Willis Blackwood, founder and president of Richmond-based Blackwood Development Co. Inc., his wife, Mary Nolen Blackwood, and their children, Morgan Blackwood Patel and Nolen Blackwood, have donated $10 million to Tech’s real estate program, the university announced last month. The family previously donated $2 million to the program in 2018.
Willis and Mary Blackwood graduated from Virginia Tech in 1972 and 1973, respectively, and their children, Morgan and Nolen, graduated in 2002 and 2010. The family of Hokies has been avid supporters of Virginia Tech for years.
“We are deeply grateful to Willis, Mary, Morgan, and Nolen for supporting the university in so many ways over the years, and we’re proud to name the Blackwood Program in Real Estate in recognition of their extraordinary generosity and engagement,” said Virginia Tech President Tim Sands in a statement.
“Real estate has been my profession for 48 years,” said Willis Blackwood, who earned his bachelor’s degree in business administration from what is now the Pamplin College of Business. “It has been a great industry in which to operate and has been rewarding personally and financially.”
Virginia Tech’s 350-student real estate program has grown over the past seven years, and ranks third among the nation’s top university real estate programs on GreatBusinessSchools.org.
“Willis has worked with us from the very start of the program,” Kevin Boyle, director of Virginia Tech’s Blackwood Program in Real Estate, said in a statement. “He has provided financial and personal support from when it was just a startup idea. He participates in classes, chairs the industry advisory board and supports student scholarships. He’s been as active as an alumnus could be in enhancing student successes and advancing recognition of the program. Quite simply, we would not be where we are today without his support.”

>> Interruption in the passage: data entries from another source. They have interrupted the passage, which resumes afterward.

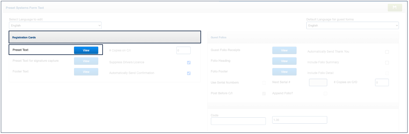 1. On the left side, in the "Registration Cards" section, click on "View" next to "Preset Text".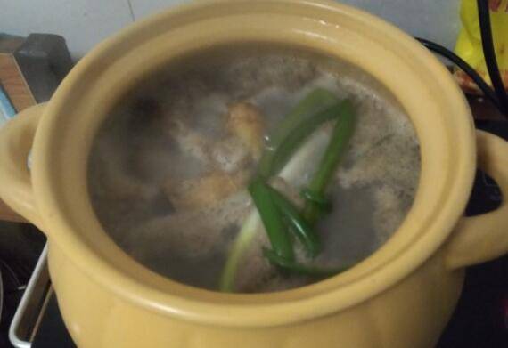 6、开锅后撇去浮沫,对羊肉比较敏感可以在这加入料酒。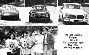 Now, if you do want to win a rally, you'll have to figure that out for yourselves. I'm not going to give away any secrets. There's still next year's event to be won. Maybe even by us. OK, we were too disorganized to take pictures of the rally this year. The photos are from several previous Volvo/Alfa rallies. The clip from the magazine cover is from the May-June '97 issue of the VSA Western States Magazine. Easy-print version of this article |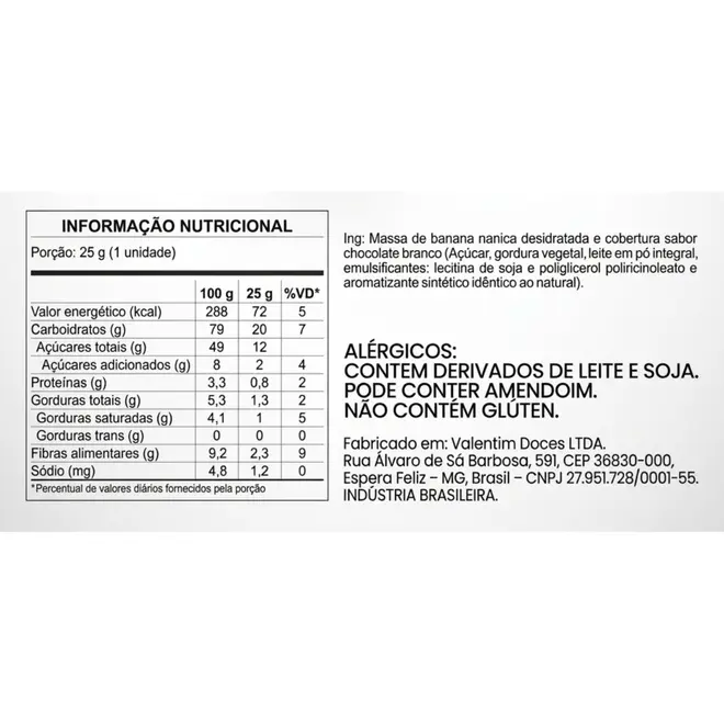 Barra De Banana Passa com Chocolate Branco 25g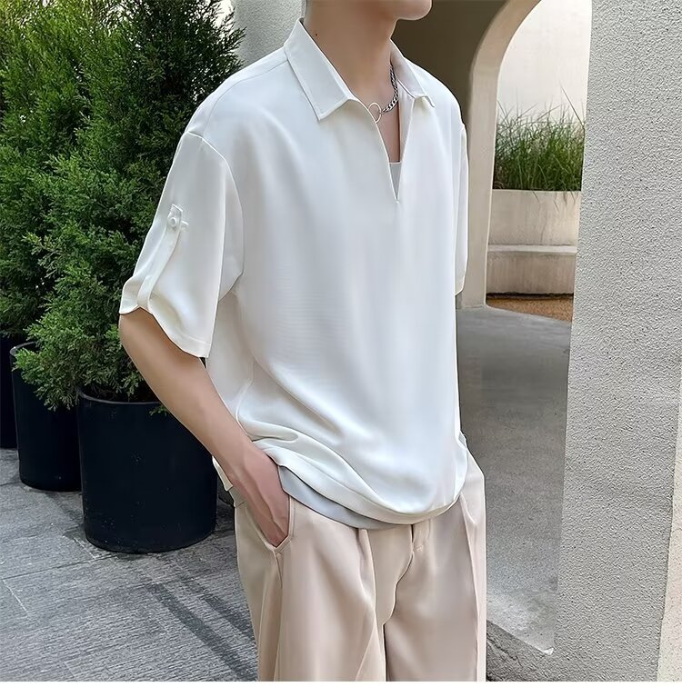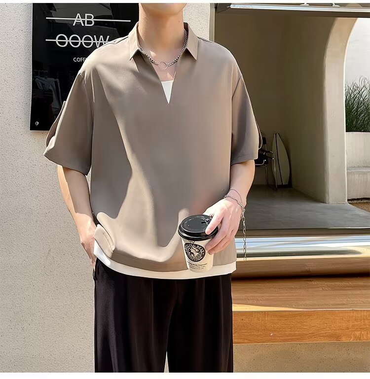 여름 트렌디 브랜드 하이 엔드 아이스 실크 티셔츠 남성 디자인 센스 페이크 투피스 V 넥 반팔 폴로 셔츠 남성 옷깃 라이트 성숙한 스타일스토어 가기

The gift will create new opportunities, such as hiring more faculty and marketing the program to increase enrollment.
“Some prominent ways earnings from the Blackwood endowment may be used are to enhance resources with two additional tenure-track faculty in order to improve the teaching, to support student experiential learning, to send students on trips to see real estate sites, and to participate in professional conferences, to bring experts to campus for enhanced learning, and for diversity scholarships,” Boyle said in a statement.